> [Work required] Retype the records below exactly as they stand, but with no images.

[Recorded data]
_____

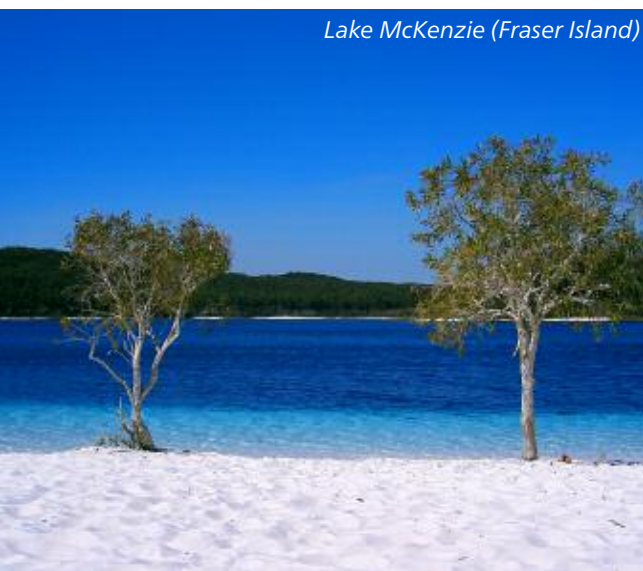
Lake McKenzie (Fraser Island)

Vous quitterez les plateaux pour atteindre la mer de Corail. Vous séjournerez pour 3 nuitées dans un établissement très confortable de 85 chambres, situé en pleine nature, bordant deux plages (sans route à traverser), à 10mn de route de la bourgade côtière de Port Douglas. Niché au milieu de 85ha de jardins naturels, de forêts et de plantations de noix de
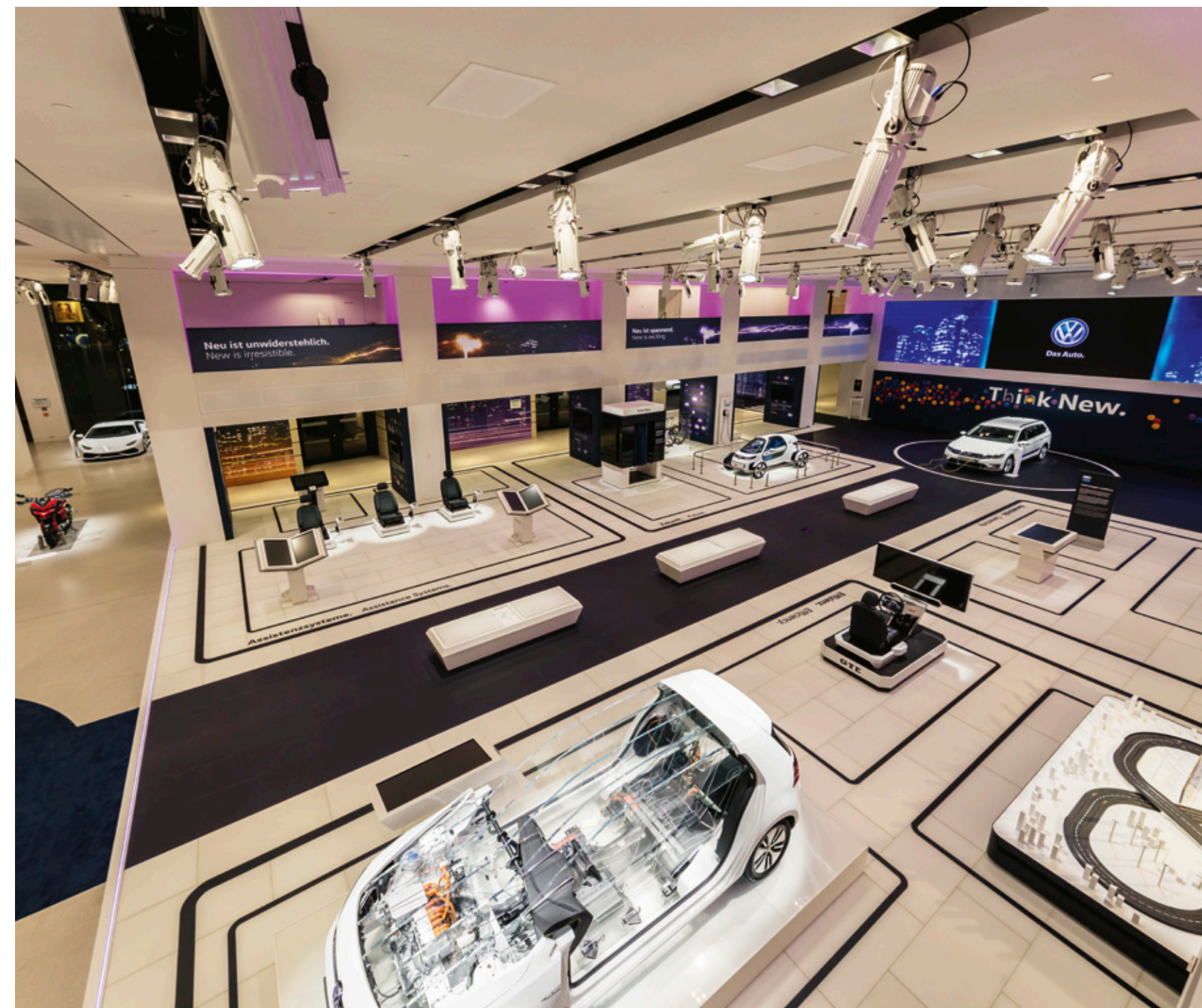
↑ Blick in den zentralen Präsentationsbereich, mit Komponenten der Präsentationsbeleuchtung

The Volkswagen Group Forum DRIVE in the centre of Berlin presents all car makes belonging to the group to the public. Restaurant and shop areas as well as the central, two-storey exhibition space provide a contemporary framework for the imparting of technology, communication and product presentation.
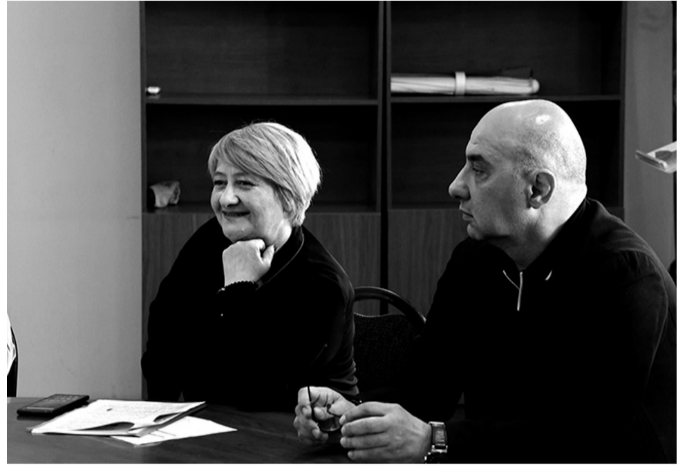
მოწყობა“. შესაბამისად, პროექტი დაფინანსდება ხაშურის მუნიციპალური ბიუჯეტიდან.

სათივეში ხმათა უმრავლესობა - 40 ხმა მიიღო პროექტმა „ჭაბურღილის

_____

> [Solution]
Lake McKenzie (Fraser Island)

Vous quitterez les plateaux pour atteindre la mer de Corail. Vous séjournerez pour 3 nuitées dans un établissement très confortable de 85 chambres, situé en pleine nature, bordant deux plages (sans route à traverser), à 10mn de route de la bourgade côtière de Port Douglas. Niché au milieu de 85ha de jardins naturels, de forêts et de plantations de noix de
↑ Blick in den zentralen Präsentationsbereich, mit Komponenten der Präsentationsbeleuchtung

The Volkswagen Group Forum DRIVE in the centre of Berlin presents all car makes belonging to the group to the public. Restaurant and shop areas as well as the central, two-storey exhibition space provide a contemporary framework for the imparting of technology, communication and product presentation.
მოწყობა“. შესაბამისად, პროექტი დაფინანსდება ხაშურის მუნიციპალური ბიუჯეტიდან.

სათივეში ხმათა უმრავლესობა - 40 ხმა მიიღო პროექტმა „ჭაბურღილის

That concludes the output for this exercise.